However, the sliding window approach suffered two main drawbacks that were countered by the U-Net architecture. Since each pixel was considered separately considered, the resulting patches we overlapping a lot. Hence, a lot of overall redundancy was produced. Another limitation was that the overall training procedure was quite slow and consumed a lot of time and resources. The feasibility of the working of the network is questionable due to the following reasons.

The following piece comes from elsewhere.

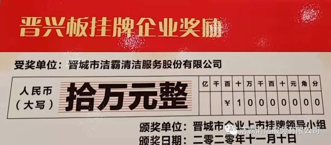 晉城市潔霸清潔服務(wù)股份有限公司于2019年11月27日成功登陸山西股權(quán)交易中心“專精特新板”(晉興板)(企業(yè)代碼:060200Z),是“專精特新板”開板暨首批掛牌的14家企業(yè)之一。“專精特新板”是山西股權(quán)交易中心設(shè)立的特色板塊,為省內(nèi)具備專業(yè)化、精細(xì)化、特色化、新穎化的優(yōu)質(zhì)企業(yè)提供專屬服務(wù),成為帶動全省中小企業(yè)創(chuàng)新創(chuàng)造、轉(zhuǎn)型升級,壯大工業(yè)高質(zhì)量發(fā)展的生力軍!皶x興板”掛牌,標(biāo)志著公司正式進(jìn)軍資本市場,豐富了融資渠道,推動公司高質(zhì)量轉(zhuǎn)型發(fā)展,成為公司發(fā)展的新引擎。

The U-Net is an elegant architecture that solves most of the occurring issues. It uses the concept of fully convolutional networks for this approach. The intent of the U-Net is to capture both the features of the context as well as the localization. This process is completed successfully by the type of architecture built. The main idea of the implementation is to utilize successive contracting layers, which are immediately followed by the upsampling operators for achieving higher resolution outputs on the input images.

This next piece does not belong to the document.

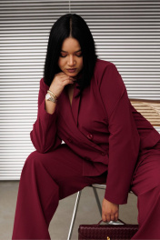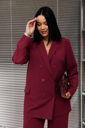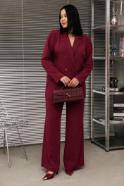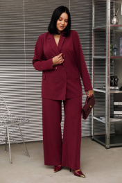 Женский брючный костюм — это идеальное сочетание стиля, комфорта и универсальности, которое станет вашим верным спутником как на деловых встречах, так и на торжественных мероприятиях. Изготовленный из высококачественной поливискозной ткани, этот костюм обеспечивает легкость и приятные ощущения при носке, а его элегантный пиджак и классические брюки подчеркивают вашу женственность и утонченность. Костюм женский 2-х предметный: жакет и брюки. Жакет полуприлегающего силуэта: бочок с выточкой по полочеке, по спинке средний шов. Застежка двухбортная, карман клапан "обманка". Рукав двухшовный. Брюки прямые. По полочке карман и складки. Пояс на резинке. Строгий и модный фасон делает его актуальным в любой ситуации, будь то офис, свадьба или прадничный выход. Длина жакета: 73см . Длина рукава: 62см. Длина брюк: 100 см.

U-Net architecture from the following research paper
By having a brief look at the architecture shown in the image, we can notice why it is probably referred to as U-Net architecture. The shape of the so formed architecture is in the form of a ‘U’ and hence the following name. Just by looking at the structure and the numerous elements involved in the process of the construction of this architecture, we can understand that the network built is a fully convolutional network. They have not used any other layers such as dense or flatten or other similar layers. The visual representation shows an initial contracting path followed by an expanding path.
The architecture shows that an input image is passed through the model and then it is followed by a couple of convolutional layers with the ReLU activation function. We can notice that the image size is reducing from 572X572 to 570X570 and finally to 568X568. The reason for this reduction is because they have made use of unpadded convolutions (defined the convolutions as “valid”), which results in the reduction of the overall dimensionality. Apart from the Convolution blocks, we also notice that we have an encoder block on the left side followed by the decoder block on the right side.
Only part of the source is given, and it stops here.